Collected data:
━━━━━━━━━━━━━━━━━━━━
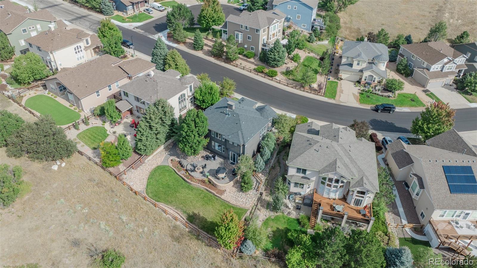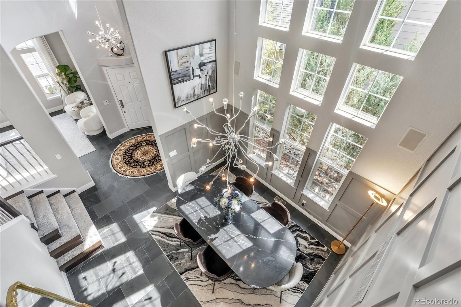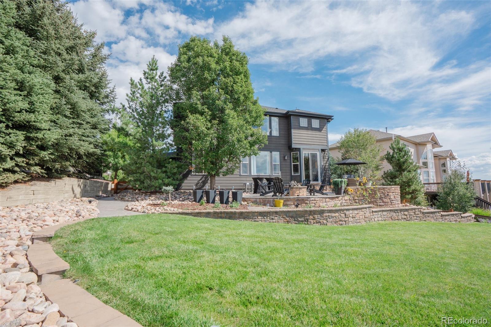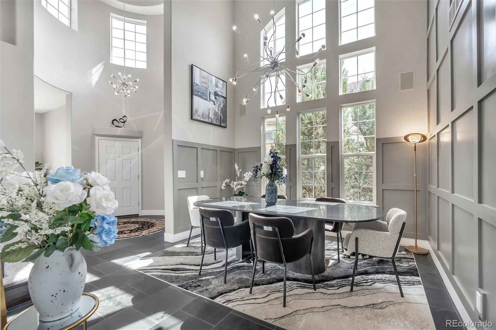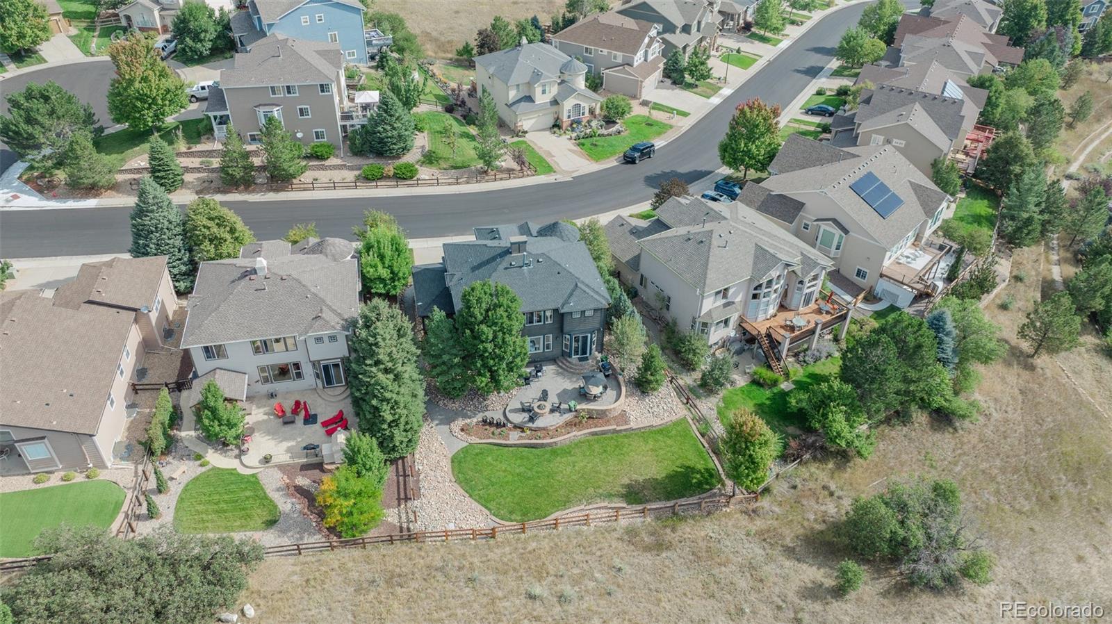 Welcome home to this beautiful move-in ready home backing to dedicated open space! Upon driving up, the curb appeal and updates will beckon you to go inside. Entering into this foyer, you'll immediately notice the abundance of natural light and the slate floors throughout with the dramatic rotunda. The living room to your right looks out to the front yard and is a versatile space that could be used as an office. Continuing in, the dining room with the soaring 2 story ceilings, custom wall treatment & one of a kind chandelier along with a wall of windows is a wonderful space for year-round gatherings. Entering into the heart of the home, you'll be greeted by the adjoining refreshed kitchen and family room. The large center island w/quartz counter is perfect to hang out plus you can wash dishes with a view to the open space! The kitchen nook is ideal for informal dining and gathering. You will love the oversized family room is large enough to accommodate the family while you enjoy the marble tile surround fireplace. Upstairs, walking through the double door entry into the primary suite, the vaulted ceilings, views to the open space and adjoining five-piece bathroom are paired w/engineered hardwood floors and tile in the bath. Primary bath is complete with dual vanities, large soaking tub, sep. shower and a custom walk-in closet. There are 3 additional bedrooms upstairs along with another full bath. The 2nd floor laundry room is complete w/cabinets & utility sink. In the basement you'll encounter unfinished space for your future living space & lined crawl space for more storage. Outside, you will love the lg flagstone patio with a seating wall, gas fire pit, lounging and dining areas, along with direct access to the open space, allowing you to easily access the trail system throughout the Castle Pines community. The neighborhood includes pool, clubhouse, park, pickleball courts, & more! Don't wait, see this home today!
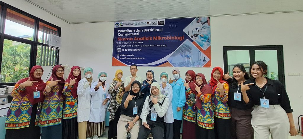 Jurusan Kimia FMIPA Universitas Lampung (Unila) menggelar pelatihan berbasis kompetensi pada skema Analisis Spektrofotometri UV-Vis dan Analisis Mikrobiologi, pada 10-11 Oktober 2024.
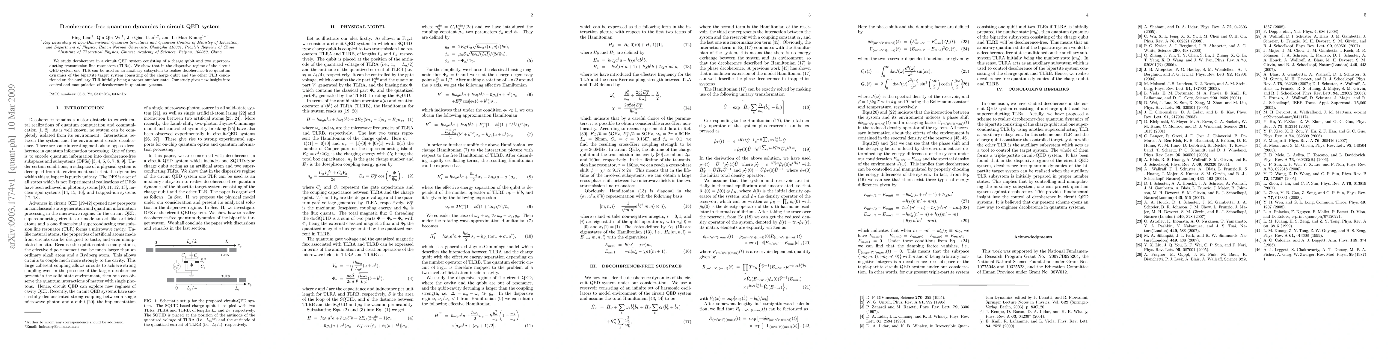 This paper investigates decoherence in a circuit QED system with a charge qubit and two transmission line resonators, demonstrating that one resonator can serve as an auxiliary subsystem to achieve decoherence-free quantum dynamics in the target system, offering new insights into quantum decoherence control.
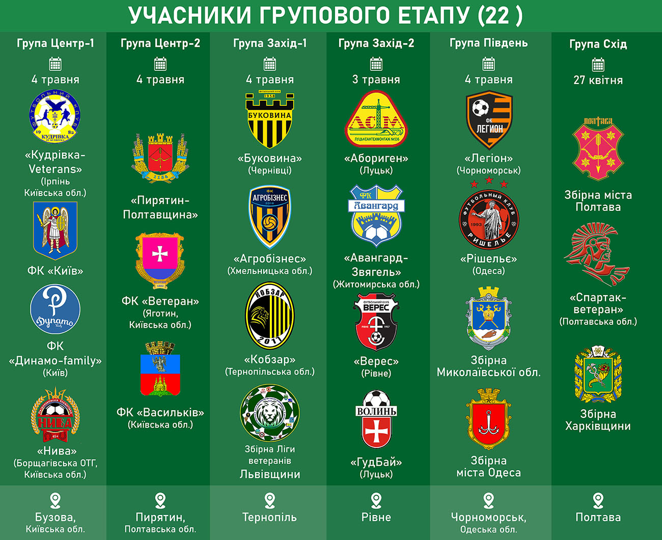 Учасники:«Кудрівка-Veterans» (Ірпінь, Київська обл.), ФК «Київ», «Динамо Family» (Київ), «Нива» (Петропавлівська Борщагівка, Київська обл.). Матчі відбудуться 4 травня у Бузовій, Київська область.
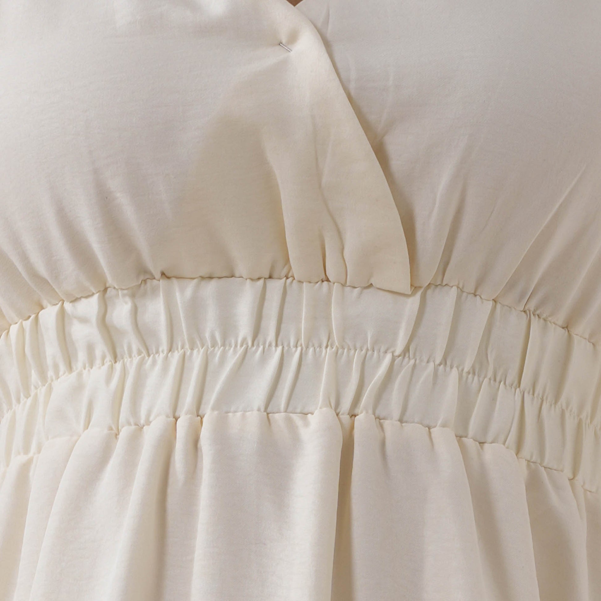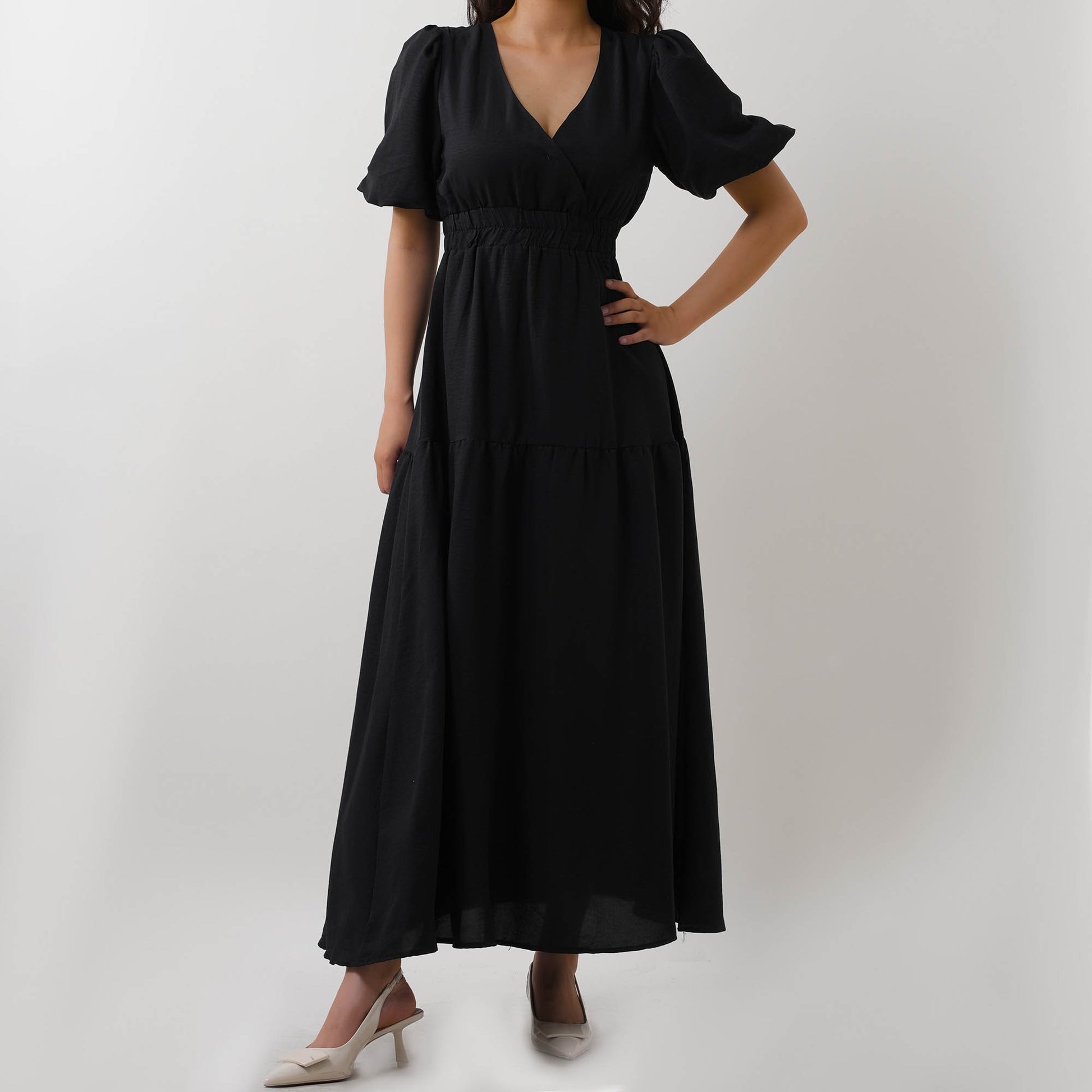 Women's V-Neck Midi Dress - Short Bubble Sleeves & Elastic Waist Casual Dress Cherie Code
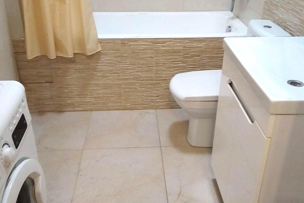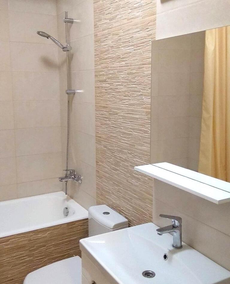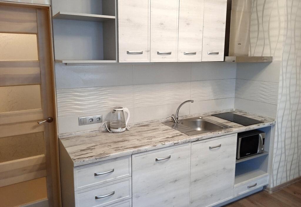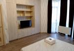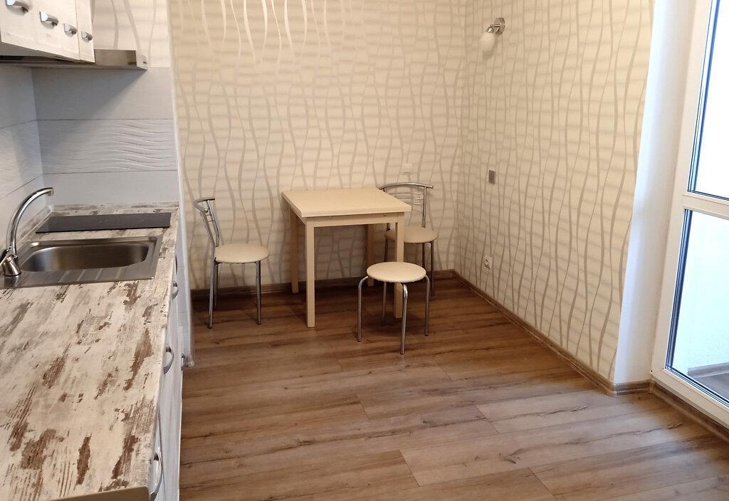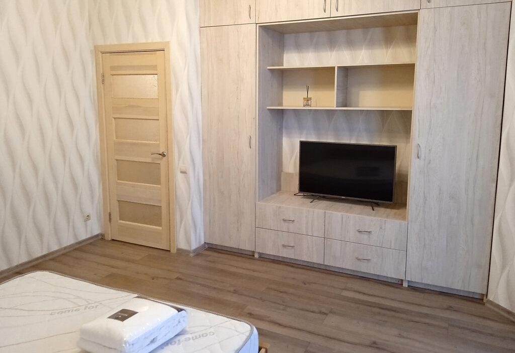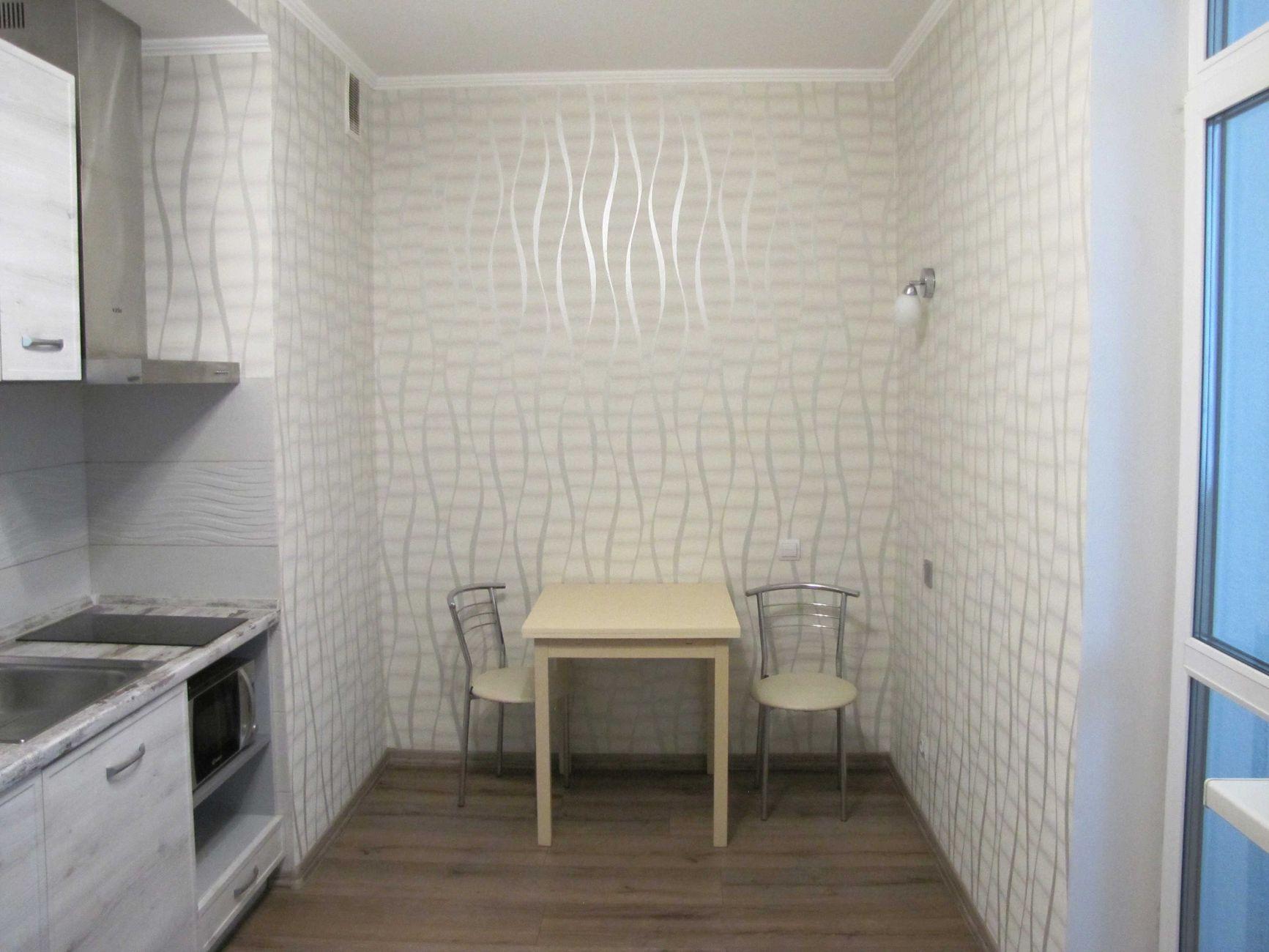 1-кімнатна квартира (не студія) з великою кімнатою (20м2) та окремою кухнею 14 м2. Новий будинок з власною закритою територією. Дитячий майданчик та автомобільний паркінг з автоматичними воротами доступу. На вході консьєрж та відео нагляд. Квартира розташована в центрі будинку. Вікна квартири виходять в тихий двір. В кімнаті панорамне вікно і вихід на балкон. Сучасні меблі – вбудована шафа та двоспальне ліжко з натурального дерева з якісним двостороннім ортопедичним матросом, телевізор, кондиціонер. Простора кухня з заскленою лоджією. На кухні є меблі з вбудованою технікою. Зроблене робоче місце для IT. Є можливість розмістити диван. В ванній кімнаті розміщена повноцінна чавунна ванна, бойлер з програмним регулюванням температури води, пральна машина. Зручне розташування. Поруч ринок, магазини, аптеки, банки, кафе.
━━━━━━━━━━━━━━━━━━━━
[EXERCISE PROMPT]:
Please print all the entries exactly as written, but drop the pictures.

[TASK ANSWER]:
 Welcome home to this beautiful move-in ready home backing to dedicated open space! Upon driving up, the curb appeal and updates will beckon you to go inside. Entering into this foyer, you'll immediately notice the abundance of natural light and the slate floors throughout with the dramatic rotunda. The living room to your right looks out to the front yard and is a versatile space that could be used as an office. Continuing in, the dining room with the soaring 2 story ceilings, custom wall treatment & one of a kind chandelier along with a wall of windows is a wonderful space for year-round gatherings. Entering into the heart of the home, you'll be greeted by the adjoining refreshed kitchen and family room. The large center island w/quartz counter is perfect to hang out plus you can wash dishes with a view to the open space! The kitchen nook is ideal for informal dining and gathering. You will love the oversized family room is large enough to accommodate the family while you enjoy the marble tile surround fireplace. Upstairs, walking through the double door entry into the primary suite, the vaulted ceilings, views to the open space and adjoining five-piece bathroom are paired w/engineered hardwood floors and tile in the bath. Primary bath is complete with dual vanities, large soaking tub, sep. shower and a custom walk-in closet. There are 3 additional bedrooms upstairs along with another full bath. The 2nd floor laundry room is complete w/cabinets & utility sink. In the basement you'll encounter unfinished space for your future living space & lined crawl space for more storage. Outside, you will love the lg flagstone patio with a seating wall, gas fire pit, lounging and dining areas, along with direct access to the open space, allowing you to easily access the trail system throughout the Castle Pines community. The neighborhood includes pool, clubhouse, park, pickleball courts, & more! Don't wait, see this home today!
 Jurusan Kimia FMIPA Universitas Lampung (Unila) menggelar pelatihan berbasis kompetensi pada skema Analisis Spektrofotometri UV-Vis dan Analisis Mikrobiologi, pada 10-11 Oktober 2024.
 This paper investigates decoherence in a circuit QED system with a charge qubit and two transmission line resonators, demonstrating that one resonator can serve as an auxiliary subsystem to achieve decoherence-free quantum dynamics in the target system, offering new insights into quantum decoherence control.
 Учасники:«Кудрівка-Veterans» (Ірпінь, Київська обл.), ФК «Київ», «Динамо Family» (Київ), «Нива» (Петропавлівська Борщагівка, Київська обл.). Матчі відбудуться 4 травня у Бузовій, Київська область.
 Women's V-Neck Midi Dress - Short Bubble Sleeves & Elastic Waist Casual Dress Cherie Code
 1-кімнатна квартира (не студія) з великою кімнатою (20м2) та окремою кухнею 14 м2. Новий будинок з власною закритою територією. Дитячий майданчик та автомобільний паркінг з автоматичними воротами доступу. На вході консьєрж та відео нагляд. Квартира розташована в центрі будинку. Вікна квартири виходять в тихий двір. В кімнаті панорамне вікно і вихід на балкон. Сучасні меблі – вбудована шафа та двоспальне ліжко з натурального дерева з якісним двостороннім ортопедичним матросом, телевізор, кондиціонер. Простора кухня з заскленою лоджією. На кухні є меблі з вбудованою технікою. Зроблене робоче місце для IT. Є можливість розмістити диван. В ванній кімнаті розміщена повноцінна чавунна ванна, бойлер з програмним регулюванням температури води, пральна машина. Зручне розташування. Поруч ринок, магазини, аптеки, банки, кафе.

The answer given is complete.